Der Hebel zur Umgestaltung: die Grundschule. Im ganzen Land ließ Jules Ferry diese wie die Pilze aus dem Boden schießen. Vor allem aber: Diese Grundschulen waren fortan – ein Novum – kostenlos. Und Ferry führte zudem die Unterrichtspflicht ein. Und die Lehrer wurden auf den Laizismus verpflichtet. Dieses Prinzip der Trennung von Staat und Religion sollte Frankreich bis heute prägen. Die Lehrer wurden in eigenen Ausbildungsstätten, die in jedem Departement errichtet wurden, darin unterwiesen. Die Schüler sollten in republikanischem Geist erzogen werden, aus Bauern sollten Citoyens werden, die Vernunft den Glauben verdrängen. Statt des Religionsunterrichts gab es in öffentlichen Schulen nun eine Art Ethikunterricht.
„Die Bedeutung der Schulreformen Ferrys für die Festigung der Dritten Republik kann gar nicht überschätzt werden. Sie halfen, ein republikanisches Bewusstsein zu schaffen, dass es in dieser Breite zuvor nicht gegeben hat. Es erfasste zwar nicht alle gesellschaftlichen Schichten und politischen Lager, aber doch alle Teile des Landes“, so der Historiker Heinrich August Winkler.
Frankreich spricht nun Französisch
Der größte nachhaltige Erfolg der Ferry’schen Schulreformen war die Durchdringung des Landes mit der französischen Sprache.
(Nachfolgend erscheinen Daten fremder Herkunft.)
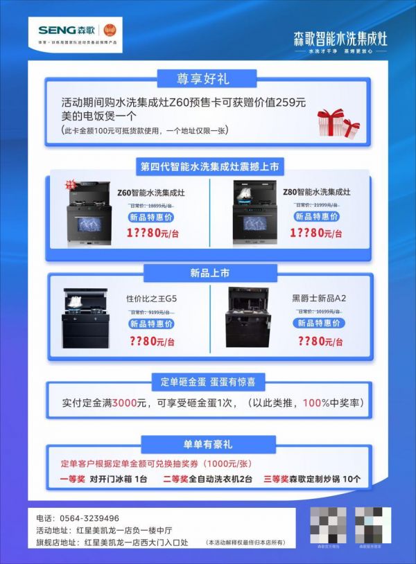 燃情 4月,森歌蒸烤节比五一抢购优先一步,比618优惠更多一重,携同张雨霏冠军同款集成灶森歌鲸洗小灶Z60,联动六安、福州、淄博、郑州、张家港、长沙、贵阳、昆明八城打造专场活动,乒乓球奥运冠军、森歌品牌形象代言人许听也将亲临六安站现场,带来一系列与智能水洗集成灶的趣味互动~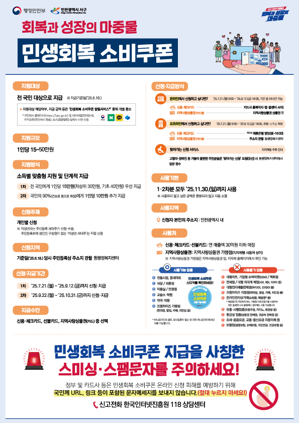 인천 서구, 민생회복 소비쿠폰 신청 ‘스미싱 주의’

Zuvor hatte nämlich nur ein Teil der Franzosen Französisch gesprochen. Man sprach eigene Sprachen, Okzitanisch, Bretonisch, Baskisch oder regionale Dialekte. Die neue Schule verpflichtete aber nun alle, Französisch zu sprechen.
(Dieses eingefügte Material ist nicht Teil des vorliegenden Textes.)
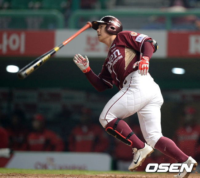8회초 1사 만루에서 넥센 윤석민이 좌중간을 가르는 3타점 적시 2루타를 치고 있다.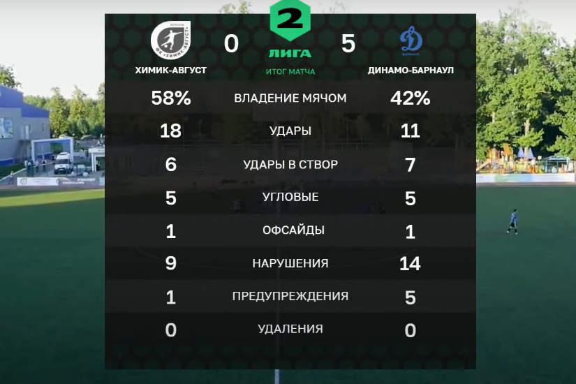 Футболисты «Динамо-Барнаул» одержали первую победу во Второй лиге первенства России в сезоне 2022-23 годов. В выездном матче динамовцы крупно обыграли «Химик-Август» со счетом 5:0. Дубль на счету новичка команды Дмитрия Бакая. По голу на свой счет записали Иван Житников, Михаил Осипов и Владимир Завьялов.

Jules Ferry und seine Mitstreiter machten aber vor den Grenzen des französischen Mutterlands nicht halt. „Die glühendsten Vorkämpfer der Republik und ihrer revolutionären Werte waren zugleich die überzeugtesten Imperialisten“, schreibt der Historiker Matthias Waechter. „Und beide Ziele – die Durchsetzung der Republik ebenso wie die koloniale Expansion – waren für sie zwei Dimensionen desselben Prozesses, nämlich der Erneuerung, Wiederaufrichtung und Modernisierung Frankreichs. Die Verfechter einer expansiven Kolonialpolitik waren dieselben Politiker, die den kostenlosen und laizistischen staatlichen Schulunterricht eingeführt hatten, die den gesellschaftlichen Einfluss des Klerikalismus bekämpft hatten und für die Verbreitung der republikanischen Werte eingetreten waren.“
Viel hatte dies auch mit der traumatischen Niederlage von 1870/1871 gegen das neu entstandene Deutsche Reich zu tun. Elsass und Lothringen waren verloren gegangen. In Sedan hätte „der deutsche Grundschullehrer“gewonnen, hieß es damals. Soll heißen: Die deutschen Soldaten waren wesentlich besser ausgebildet und patriotischer erzogen. Jules Ferry sollte das mit seiner Schulreform nachzuholen versuchen. Ohne diese Niederlage wäre Ferry allerdings auch nicht das geworden, was er dann war: Im verlorenen Krieg gegen die Deutschen war das Kaiserreich Napoleons III. untergegangen. Und die Dritte Republik entstand – angeführt von liberalen Politikern wie Leon Gambetta und Jules Ferry.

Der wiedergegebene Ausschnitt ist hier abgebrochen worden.